91Ó°ÊÓ

The slope-intercept form of a linear equation is essential for understanding and graphing lines. This form is written as \( y = mx + b \). Here, \(m\) represents the slope, and \(b\) represents the y-intercept of the line. The slope tells you how steep the line is, while the y-intercept tells you where the line crosses the y-axis.
For example, consider the equation \(2y - 3x = 0\). To convert it to the slope-intercept form, we need to solve for \(y\). Follow these steps:

• Add \(3x\) to both sides to get \(2y = 3x\).
• Divide both sides by 2 to isolate \(y\). You get \(y = \frac{3}{2}x\).

Now the equation is in the slope-intercept form \(y = mx + b \), where \(m = \frac{3}{2}\) and \(b = 0\). This means the slope is \( \frac{3}{2}\) and the y-intercept is 0.

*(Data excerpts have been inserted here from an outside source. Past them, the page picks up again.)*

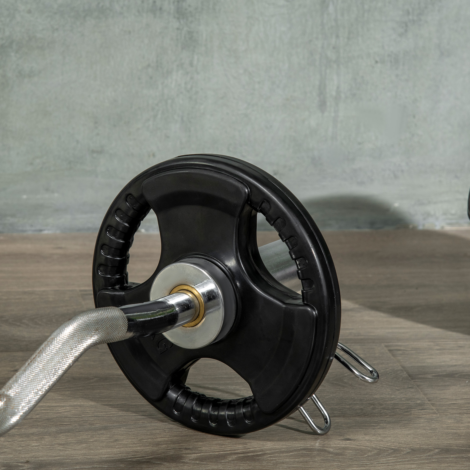 • Training ohne Stange: Jede Scheibe hat drei eingelassene Griffe, sodass Sie die Scheiben auch ohne Hantelstange verwenden können, um beispielsweise funktionales, freies Gewichtstraining durchzuführen,
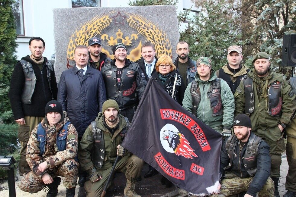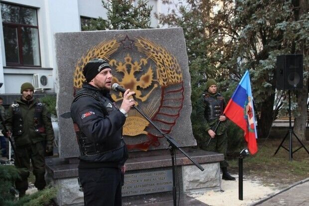 В Луганске участники мотоклуба "Ночные волки" установили памятник, изображающий двуглавого орла в окружении советских снопов.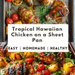 Tropical Hawaiian Chicken on a Sheet Pan is a vibrant, sweet-savory dish featuring juicy chicken, colorful bell peppers, caramelized pineapple, and a tangy marinade—all roasted together on one pan for a flavorful, easy meal with minimal cleanup.

Graphing linear equations can help you visually understand the relationship between variables. For the equation \(y = \frac{3}{2}x\), we'll plot it on the coordinate plane.
First, identify the y-intercept which is the point where the line crosses the y-axis. For this equation, the y-intercept \(b\) is 0, so start at the point (0, 0).
Next, use the slope \(m = \frac{3}{2}\) to find another point on the line. The slope \( \frac{3}{2} \) means 'rise over run,' or how much you move up for every unit moved to the right.

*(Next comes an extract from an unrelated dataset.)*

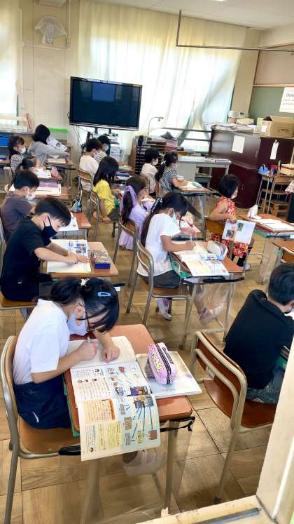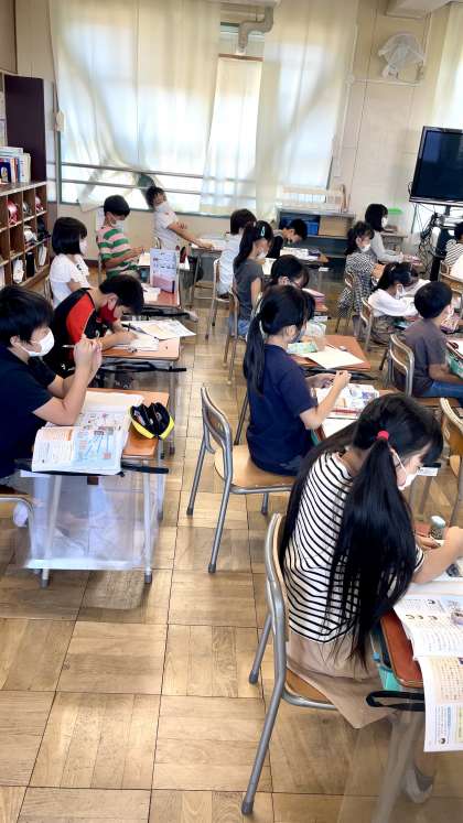 3年生は社会の授業で、消防について学習していました。119番の電話のしくみについて、みんなで考えたり、ノートを取ったりしていました。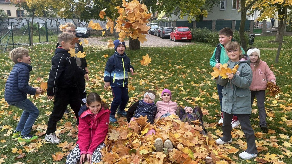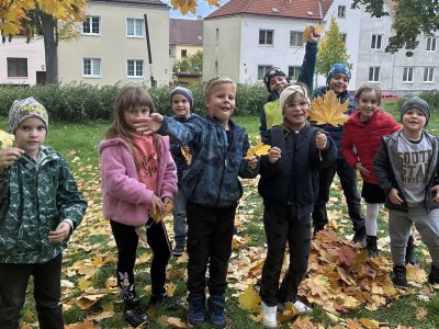 Nádherné listy v odstínech žluté, oranžové, červené a hnědé přímo vybízely k hraní. A my jsme si s nimi pořádně vyhráli a moc nás to bavilo! S ruměnými tvářemi a úsměvy na rtech jsme se vraceli zpět, plní krásných podzimních zážitků.

• From the y-intercept (0, 0), rise up 3 units (since the numerator is 3).
• Then run 2 units to the right (since the denominator is 2).

This takes you to the point (2, 3).

Draw a line through these points (0, 0) and (2, 3), extending it in both directions. This is the graph of the equation \(y = \frac{3}{2}x\).

The coordinate plane is a two-dimensional surface where we can plot points, lines, and curves. It consists of a horizontal axis (x-axis) and a vertical axis (y-axis) that intersect at a point called the origin (0, 0).
When you graph a linear equation like \(y = \frac{3}{2}x\), you place points on the coordinate plane to show the relationship between the x and y values. Each point is represented as (x, y).
For the equation \(y = \frac{3}{2}x\):

• The y-intercept is (0, 0), meaning the line starts at the origin.
• The slope tells you to move from (0, 0) to (2, 3).

By plotting these points, you create a visual representation of the equation. This helps in understanding how changes in x affect y, and vice versa.
Graphing on the coordinate plane makes abstract concepts concrete, helping you see the connections between algebra and geometry.